This script creates a GCP VM. How can I tell? Because the resource type is set to google_compute_instance. The name and boot image values for the VM have also been explicitly declared. The machine type of the VM (chipset, CPU count, and amount of RAM) and the Google Cloud zone where the VM will be created were pulled from variables. The referenced variables (var.xxx) should be declared in the variables.tf file and their values can be provided in several different ways, as we’ll cover soon:

variable "zone" {
  description = "Zone for compute resources."
  type        = string
}
variable "machine_type" {
  description = "GCE machine type."
  type        = string
  default     = "n1-standard-4"
}

Anyone using this module can look at my variables.tf and learn something about the variables, which ones have default values, and which ones must be assigned a value.
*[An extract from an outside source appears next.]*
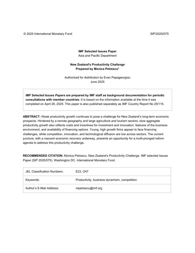 国际货币基金组织:新西兰的生产力挑战:新西兰(英文版).pdf

If you’d like to pass anything back from a module to the caller – either something needed as input to some other module (such as a machine IP address) or something you’d simply like to be printed back to the user when they run the script – you can add that to the outputs.tf file:

output "vm_public_ip" {
//Note: The following line of code should all be on a single line.
    value = google_compute_instance.app_vm.network_
interface.0.access_config.0.nat_ip
    description = "The public IP for the new VM"
}

Once the submodule has been fully defined, it can be called from your root module. Before doing that, though, the top of your root module (main.tf 1 in Figure 4.3) should start by loading the provider you are using for this series of scripts. For us, that’s Google Cloud’s provider, which is documented here: https://registry.terraform.io/providers/hashicorp/google/latest/docs. Our root script will start something like this:

provider "google" {
  project = var.project_id
}

After loading the provider, a typical root module will call all the child modules, pass them any variable values they require, and let them do the majority – if not all – of the work. So, the rest of my main.tf file might look like this:

module "compute" {
  source = "./modules/compute"
  zone   = var.zone
  depends_on = [
    module.storage
  ]
}
module "storage" {
  source     = "./modules/storage"
  region     = var.region
  project_id = var.project_id
}

Notice that for compute, I’m specifying the VM’s zone using another variable, but I left out the machine type because I was happy with its default. I also wanted to make sure the GCS bucket was defined before the VM, so I added depends_on to the VM, which tells TF to make sure the storage module has been fully created before processing compute. TF can typically determine a good order of creation based on physical dependencies between resources, but if there is a dependency that TF can’t glean from the script, then this is a way to force ordering.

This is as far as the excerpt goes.